About this exercise. Your answer must be the lines from the one containing "3月11日,江西省吉安市遂川" through the last line below, copied exactly, with no pictures.

Input data.
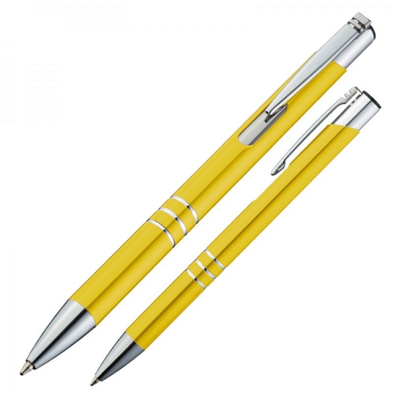 Ручка шариковая автоматическая "Ascot", 0.7 мм, желтый, серебристый, стерж. синий
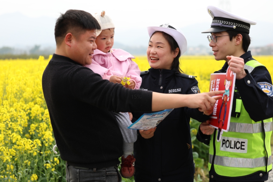 3月11日,江西省吉安市遂川縣舉辦以“花海遂川·美麗田園·共赴春日盛宴”為主題的油菜花賞花季活動(dòng)。遂川縣公安局交警大隊(duì)全力維護(hù)沿線道路交通秩序,并組織民輔警走進(jìn)花海,向游客宣傳交通安全法律法規(guī)。
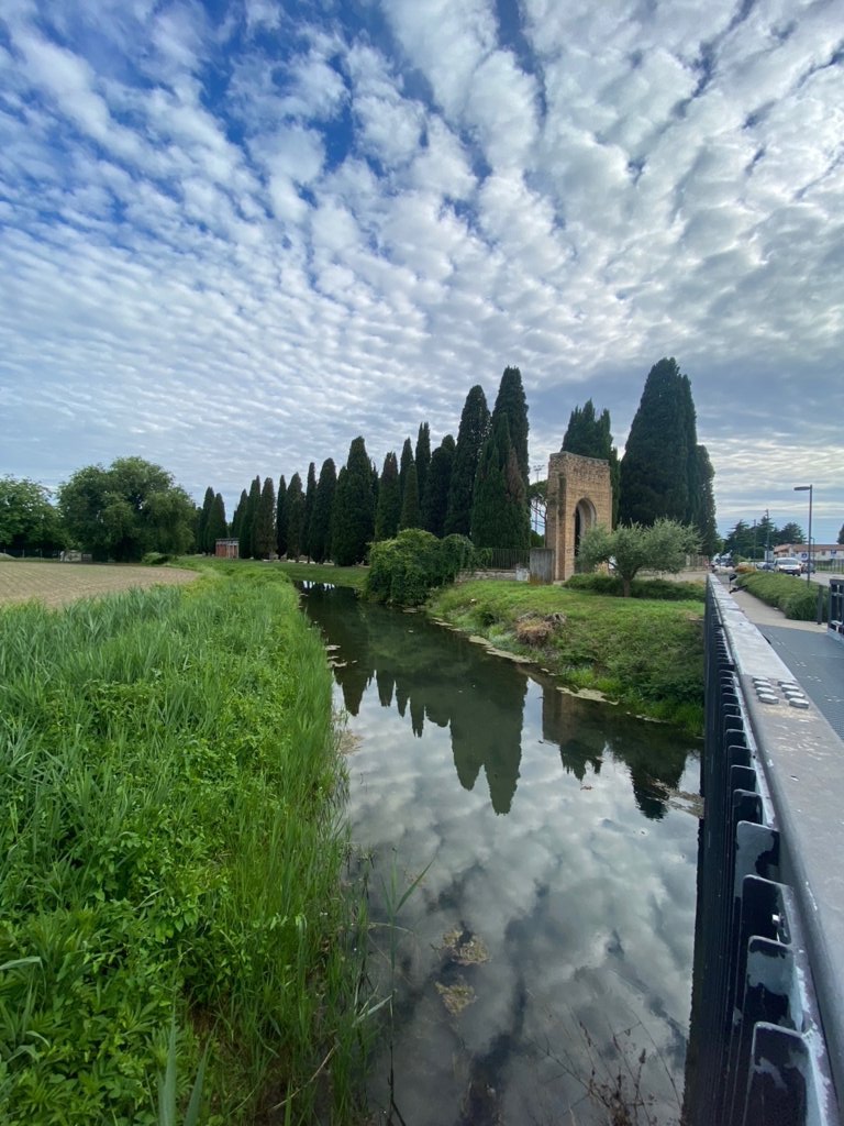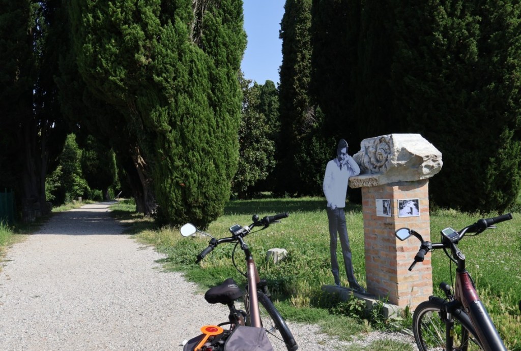 Il territorio è bellissimo : una catena di colline visibili all’orizzonte abbraccia una pianura verdissima , che scivola nella grande e tranquilla area lagunare, dove il cielo riverbera mille e mille riflessi, immobili o in lento movimento. E mi sono ricordata delle descrizioni di questa terra e di questa gente fatte da Pier Paolo Pasolini, che il territorio ricorda e mantiene presente e viva : infatti ad Aquileia, all’ingresso del porto romano, ci accoglie Pier Paolo Pasolini, che tanto ha parlato di questa terra e di questa gente.

Answer to this exercise.
 3月11日,江西省吉安市遂川縣舉辦以“花海遂川·美麗田園·共赴春日盛宴”為主題的油菜花賞花季活動(dòng)。遂川縣公安局交警大隊(duì)全力維護(hù)沿線道路交通秩序,并組織民輔警走進(jìn)花海,向游客宣傳交通安全法律法規(guī)。
 Il territorio è bellissimo : una catena di colline visibili all’orizzonte abbraccia una pianura verdissima , che scivola nella grande e tranquilla area lagunare, dove il cielo riverbera mille e mille riflessi, immobili o in lento movimento. E mi sono ricordata delle descrizioni di questa terra e di questa gente fatte da Pier Paolo Pasolini, che il territorio ricorda e mantiene presente e viva : infatti ad Aquileia, all’ingresso del porto romano, ci accoglie Pier Paolo Pasolini, che tanto ha parlato di questa terra e di questa gente.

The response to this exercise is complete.